Task instructions |
Drop every image, then reproduce the data exactly as given.

- - -

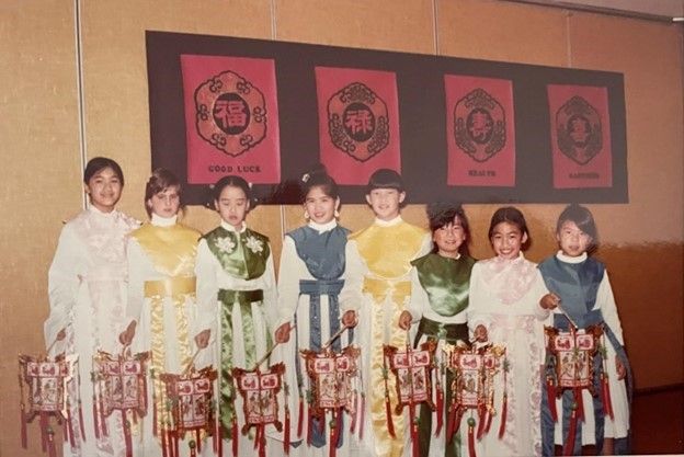 1977年爾灣中文學校慶祝農曆新年的「中國之夜」,宮燈舞表演服裝全部由家長製作。
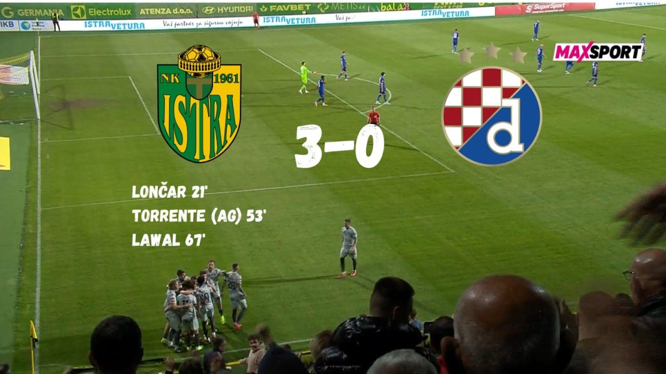 Nogometaši Istre 1961 i Dinama danas su od 18:45 igrali utakmicu 28. kola SuperSport HNL-a na Aldo Drosini. Slavila je domaća momčad rezultatom 3:0 i u nevjericu bacila Zagrepčane koji su ovom pobjedom otišli korak unatrag ka prvom mjestu.
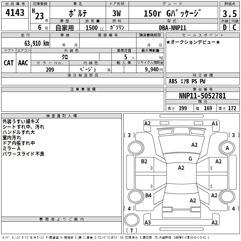 TOYOTA PORTE 150R G PACKAGE - лот 4143
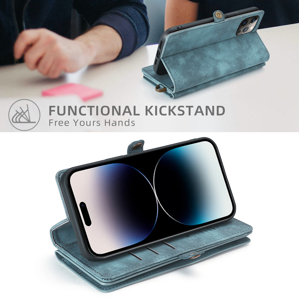 This phone case is made of PU leather and TPU material, which is durable and wear-resistant. The phone case and wallet can be detached for separate use, and they combine by strong magnet.
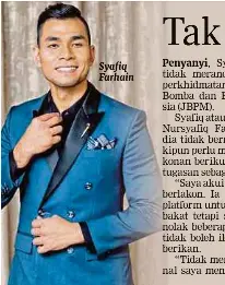 PENYANYI Syafiq Farhain berkata tiada masalah untuk dia meneruskan karier nyanyian meskipun terikat dengan kerjaya tetap sebagai seorang anggota bomba. Selepas menjalani tempoh kuarantin selama dua minggu akhirnya penyanyi Syafiq Farhain menarik nafas lega apabila dia kini bebas COVID-19. Malah penyanyi lagu Sayang Maafkan Aku itu sudah kembali menjalankan tugas sebagai anggota bomba sejak kelmarin.
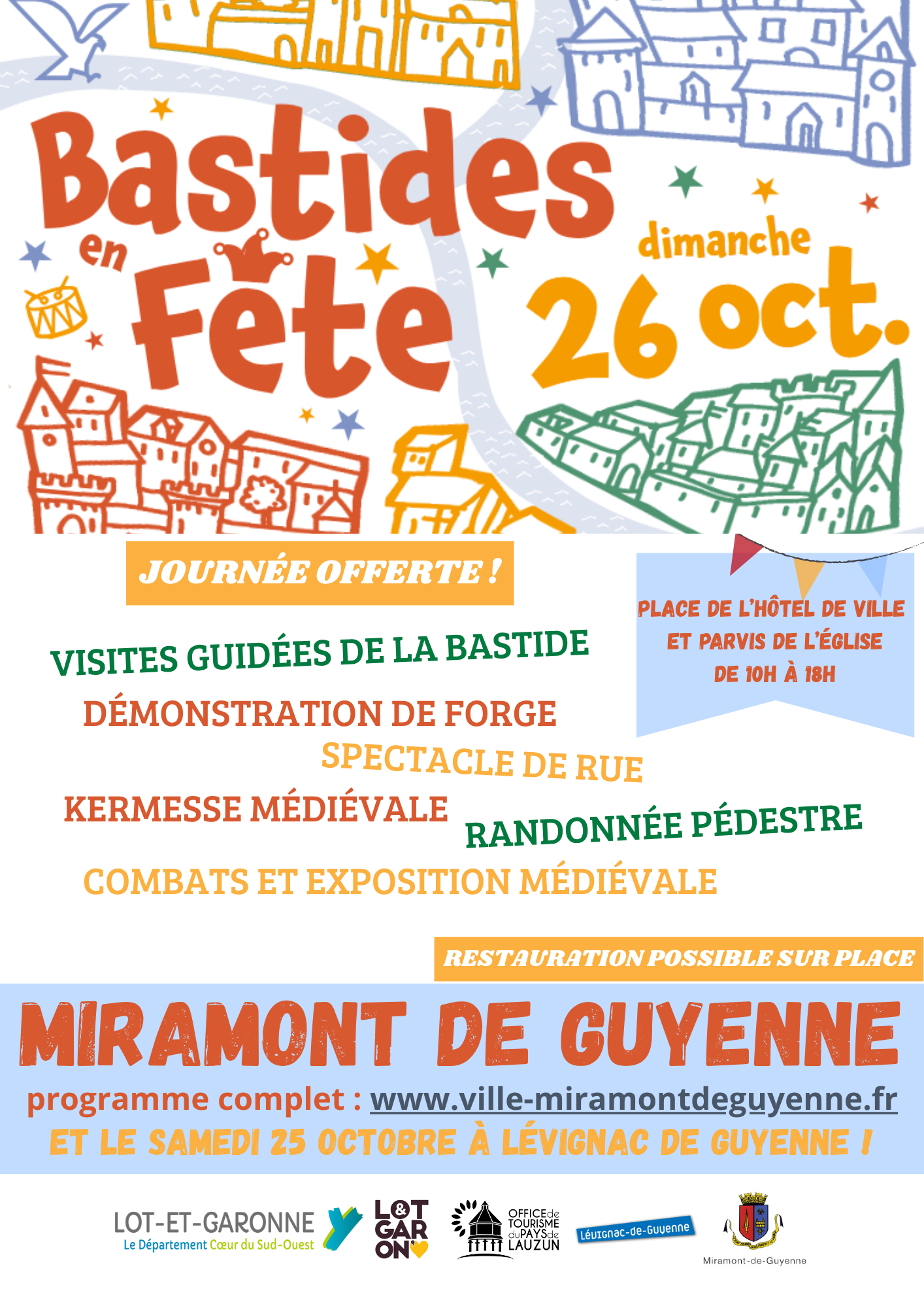 Bastides en Fête se déroule le week-end du 24 au 26 octobre, au cœur des vacances scolaires de la Toussaint. L’occasion parfaite pour s’évader en famille ou entre amis !

- - -

The answer |
 1977年爾灣中文學校慶祝農曆新年的「中國之夜」,宮燈舞表演服裝全部由家長製作。
 Nogometaši Istre 1961 i Dinama danas su od 18:45 igrali utakmicu 28. kola SuperSport HNL-a na Aldo Drosini. Slavila je domaća momčad rezultatom 3:0 i u nevjericu bacila Zagrepčane koji su ovom pobjedom otišli korak unatrag ka prvom mjestu.
 TOYOTA PORTE 150R G PACKAGE - лот 4143
 This phone case is made of PU leather and TPU material, which is durable and wear-resistant. The phone case and wallet can be detached for separate use, and they combine by strong magnet.
 PENYANYI Syafiq Farhain berkata tiada masalah untuk dia meneruskan karier nyanyian meskipun terikat dengan kerjaya tetap sebagai seorang anggota bomba. Selepas menjalani tempoh kuarantin selama dua minggu akhirnya penyanyi Syafiq Farhain menarik nafas lega apabila dia kini bebas COVID-19. Malah penyanyi lagu Sayang Maafkan Aku itu sudah kembali menjalankan tugas sebagai anggota bomba sejak kelmarin.
 Bastides en Fête se déroule le week-end du 24 au 26 octobre, au cœur des vacances scolaires de la Toussaint. L’occasion parfaite pour s’évader en famille ou entre amis !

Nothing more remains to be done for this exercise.